As an attorney Referee-Director’s Representative of the Illinois Department of Employment Security, I read Michael Miner’s article “Why Do Newspapers Fear This Woman?” (referring to Director Sally Jackson) in your May 4, 1990, issue with interest. It is unfortunate that Mr. Miner relied so heavily on two partisans with axes to grind. It only added to the inadequacies of the article. It would be hoped that your publication is a cut above the mass media, and that you would be willing to cover the other side of the matter.

The unemployment insurance program and the Illinois statute under which it operates are complex. The so-called “independent contractor” issue is even more complex. I spent five years studying the matter and all the cases decided by the Illinois Supreme and Appellate courts on the subject, and I also studied the briefs filed by the parties with the appellate level courts, in addition to several law journal articles. I then wrote a monograph on the subject over another period of a year and a half, complete with citations.
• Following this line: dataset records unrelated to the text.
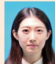
つげまつげ、まつげエクステの影
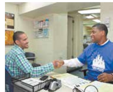
El programa Jobs-Plus ha sido un éxito en el residencial Jefferson Houses.

Houses en el Bronx; Armstrong I y II, Brownsville, Lafayette, Marcy y Van Dyke I Houses en Brooklyn; Wald y Riis II Houses en Manhattan; Astoria Houses en Queens; y Mariner's Harbor, Stapleton, Todt Hill, South Beach, West Brighton I y Richmond Terrace Houses en Staten Island.
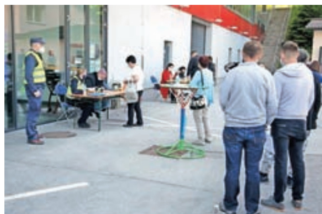
Cepljeni so kar pred dvorano pridobili mobilno identiteto smsPASS, ki omogoča dostop do portala zVEM, na katerem si bodo lahko sami natisnili potrdila o cepljenju ali testiranju. Mnogi omenjena potrdila želijo za prečkanje meje.

vsemi odmerki cepljena že skoraj polovica vseh občanov. Na Gorenjskem imajo najboljšo precepljenost občine Bohinj, Bled in Jezerško, kjer je z vsemi odmerki cepljenih že okrog 35 odstotkov občanov.
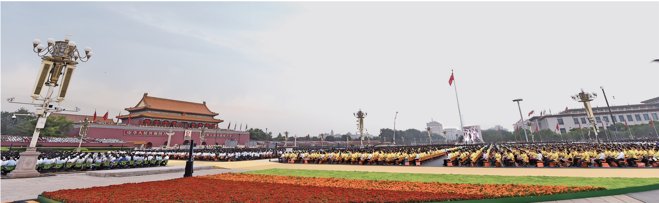
7月1日，庆祝中国共产党成立100周年大会在北京天安门广场隆重举行。图为大会现场。
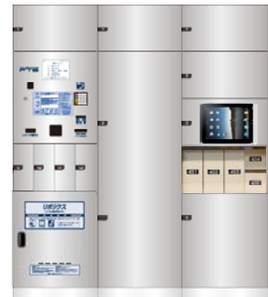
※ロッカーのイメージ図の形状は、実際のものとは異なります。

※iPad® は、米国および他の国々で登録された Apple Inc.の商標です。
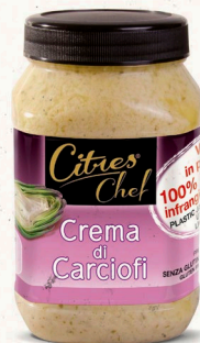
Artischockencreme 970 g
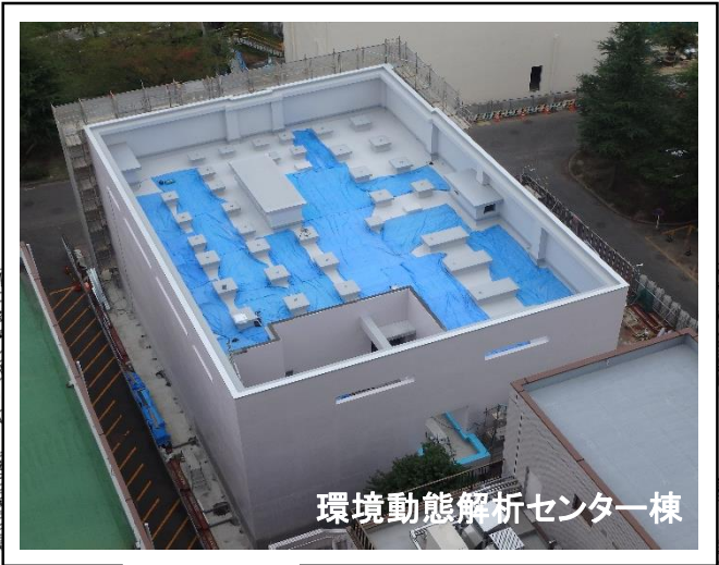
環境動態解析センター棟

環境動態解析センター棟では、内外装の仕上げ工事と、電気・機械の設備工事を行っています。

One of the most important things to consider is that when Joseph Thornton and John Hirschfeld speak of the so-called “independent contractor,” they are within the context of the common-law. The only problem is that the Illinois Unemployment Insurance Act and the so-called “independent contractor” under it are not in the context of the common-law but a departure from it. The Illinois Department of Employment Security only applies the Illinois Unemployment Insurance Act as it was formulated by the General Assembly and as it has been interpreted and applied by the Illinois appellate level courts. We do not make law. We only apply it.

I cordially invite Mr. Miner to investigate the full breadth of the matter. I would be pleased to assist him. I am certain he will discover some interesting facts.